DATA FOR THIS EXERCISE:
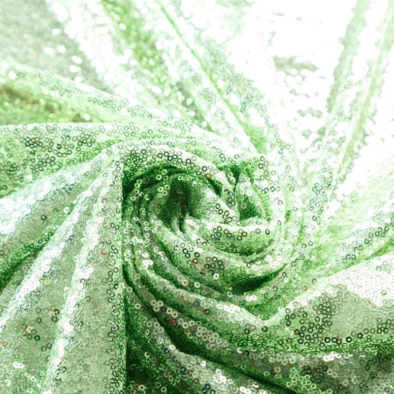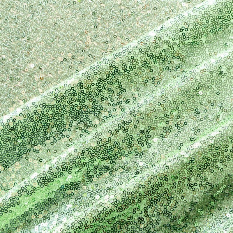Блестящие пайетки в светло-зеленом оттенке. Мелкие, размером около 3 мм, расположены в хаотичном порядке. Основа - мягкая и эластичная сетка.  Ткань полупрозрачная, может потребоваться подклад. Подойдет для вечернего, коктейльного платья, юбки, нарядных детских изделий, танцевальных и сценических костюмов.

* * *

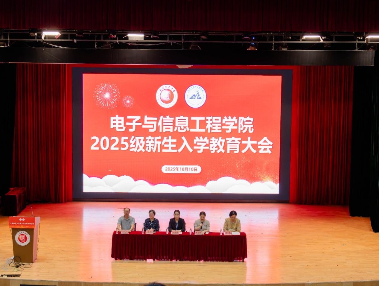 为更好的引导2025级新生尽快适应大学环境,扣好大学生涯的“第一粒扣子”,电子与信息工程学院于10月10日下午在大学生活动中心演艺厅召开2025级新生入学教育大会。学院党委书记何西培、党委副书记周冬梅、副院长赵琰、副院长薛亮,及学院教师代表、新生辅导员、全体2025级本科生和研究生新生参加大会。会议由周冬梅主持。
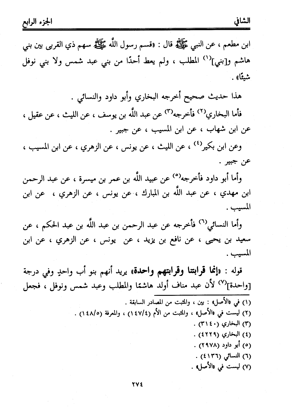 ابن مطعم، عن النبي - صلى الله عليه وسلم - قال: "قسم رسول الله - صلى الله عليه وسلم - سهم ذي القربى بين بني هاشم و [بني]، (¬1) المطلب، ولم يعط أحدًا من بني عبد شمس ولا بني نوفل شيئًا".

--

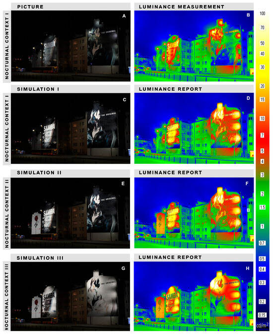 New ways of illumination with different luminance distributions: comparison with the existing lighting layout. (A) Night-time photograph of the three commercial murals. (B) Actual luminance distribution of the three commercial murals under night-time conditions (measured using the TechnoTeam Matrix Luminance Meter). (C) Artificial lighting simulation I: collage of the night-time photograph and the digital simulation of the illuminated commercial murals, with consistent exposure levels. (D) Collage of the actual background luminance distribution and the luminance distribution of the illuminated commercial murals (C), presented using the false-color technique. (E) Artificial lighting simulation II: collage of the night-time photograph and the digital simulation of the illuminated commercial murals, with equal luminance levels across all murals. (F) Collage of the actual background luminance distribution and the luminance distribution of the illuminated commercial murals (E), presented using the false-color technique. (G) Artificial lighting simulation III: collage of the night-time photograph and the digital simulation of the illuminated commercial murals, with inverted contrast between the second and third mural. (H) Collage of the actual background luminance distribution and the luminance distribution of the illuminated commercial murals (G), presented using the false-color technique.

WHAT THE TASK ASKS:
Copy out the listing above from the line containing "为更好的引导2025级新生尽" to the line containing "ابن مطعم، عن", both included, exactly as written and minus the images.

OUTPUT OF THE EXERCISE:
 为更好的引导2025级新生尽快适应大学环境,扣好大学生涯的“第一粒扣子”,电子与信息工程学院于10月10日下午在大学生活动中心演艺厅召开2025级新生入学教育大会。学院党委书记何西培、党委副书记周冬梅、副院长赵琰、副院长薛亮,及学院教师代表、新生辅导员、全体2025级本科生和研究生新生参加大会。会议由周冬梅主持。
 ابن مطعم، عن النبي - صلى الله عليه وسلم - قال: "قسم رسول الله - صلى الله عليه وسلم - سهم ذي القربى بين بني هاشم و [بني]، (¬1) المطلب، ولم يعط أحدًا من بني عبد شمس ولا بني نوفل شيئًا".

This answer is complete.